- [DIRECTIONS FOR THIS TASK]: With images excluded, write out each entry below exactly as given.

- [MATERIAL SUPPLIED]:
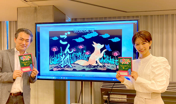「あなせん・デジタル紙芝居」は3年目。新型コロナへの警戒の仕方が少しずつ変わっていく中、子どもたちの席の間からアクリル板が消え、互いの心の距離が少しだけ近くなりました。大きなテレビモニタとマイクを前に、アニメのアテレコさながらの「声優体験」で、
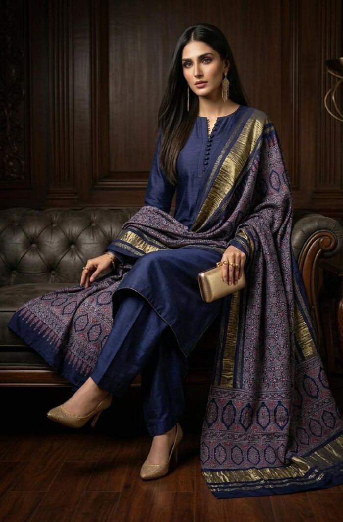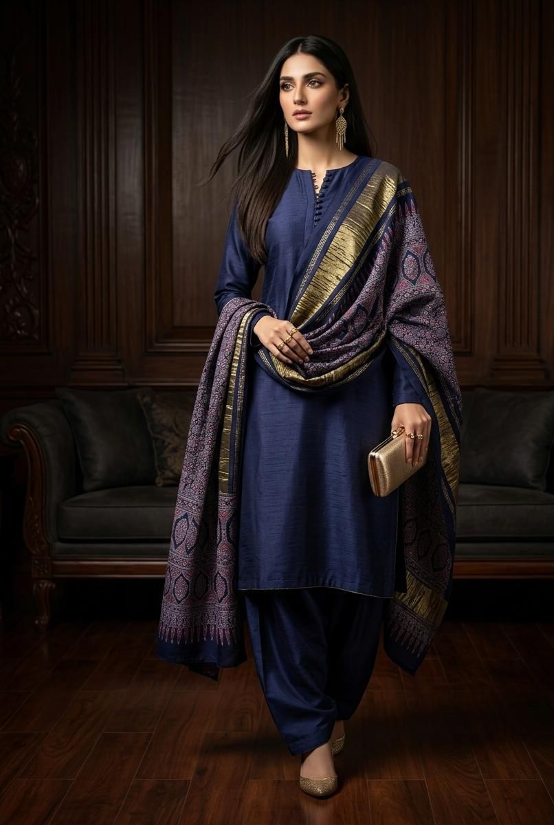SHEESHA SILK DRESS WITH AJRAK SHAWL ICS-1157
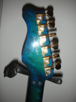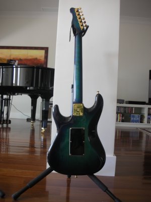 Blueburst finish; swamp ash body; rosewood fingerboard; EMG pickups (SSH); locking tremelo; gold hardware; HSC; no modifications
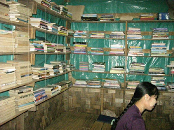 粗末なテントで屋根をかけたスペースですが30人ほどが熱心に勉強しています。しかし雨季に入ると膝まで水が入り二階の家族の部屋で勉強をする事も有る状態です。今回の本間館長の訪問で、教室の移転、コンピューター5台の設置、参考書、蔵書の充実などが話し合われました。
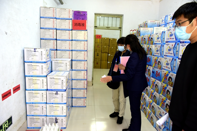 在仓库核验防疫物资
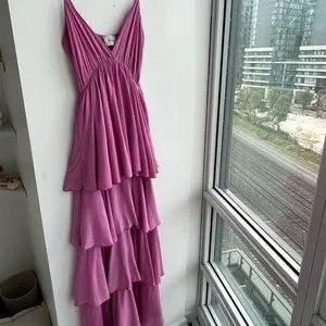BRAND NEW, italian designer, comes with tag - tag is off & only worn once to a wedding, colour is beautiful pink & satin material. V-neck & purchased at Maska Yorkville Village Toronto shop. Love the dress just don’t have space in closest.
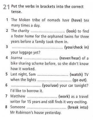 1.having 2.looked 3.you 4.hear 5.watching , going out 6.use 7.working 8.breakes into
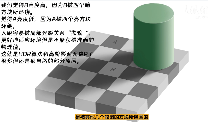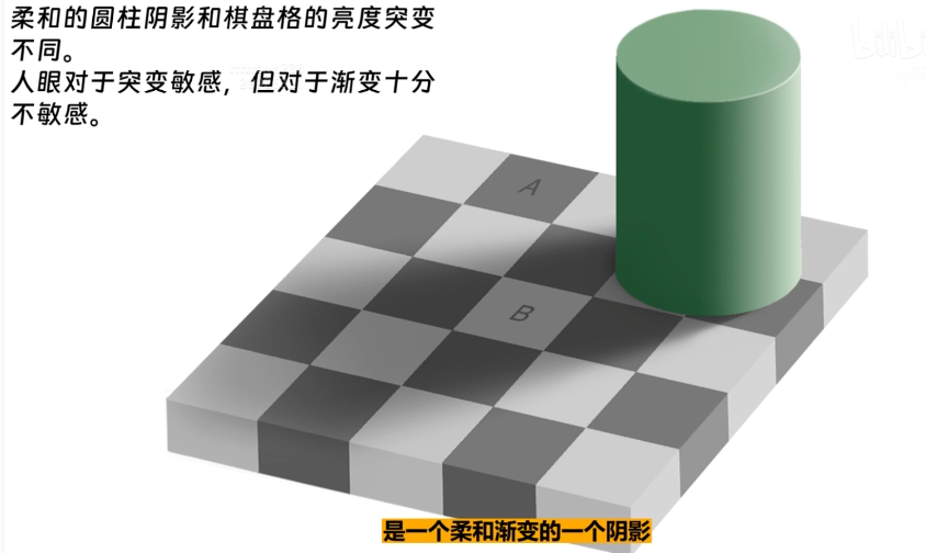 A,B方块的明度和亮度是一致的,但是人的视觉不是

- [ANSWER TO THIS EXERCISE]:
「あなせん・デジタル紙芝居」は3年目。新型コロナへの警戒の仕方が少しずつ変わっていく中、子どもたちの席の間からアクリル板が消え、互いの心の距離が少しだけ近くなりました。大きなテレビモニタとマイクを前に、アニメのアテレコさながらの「声優体験」で、
SHEESHA SILK DRESS WITH AJRAK SHAWL ICS-1157
 Blueburst finish; swamp ash body; rosewood fingerboard; EMG pickups (SSH); locking tremelo; gold hardware; HSC; no modifications
 粗末なテントで屋根をかけたスペースですが30人ほどが熱心に勉強しています。しかし雨季に入ると膝まで水が入り二階の家族の部屋で勉強をする事も有る状態です。今回の本間館長の訪問で、教室の移転、コンピューター5台の設置、参考書、蔵書の充実などが話し合われました。
 在仓库核验防疫物资
BRAND NEW, italian designer, comes with tag - tag is off & only worn once to a wedding, colour is beautiful pink & satin material. V-neck & purchased at Maska Yorkville Village Toronto shop. Love the dress just don’t have space in closest.
 1.having 2.looked 3.you 4.hear 5.watching , going out 6.use 7.working 8.breakes into
 A,B方块的明度和亮度是一致的,但是人的视觉不是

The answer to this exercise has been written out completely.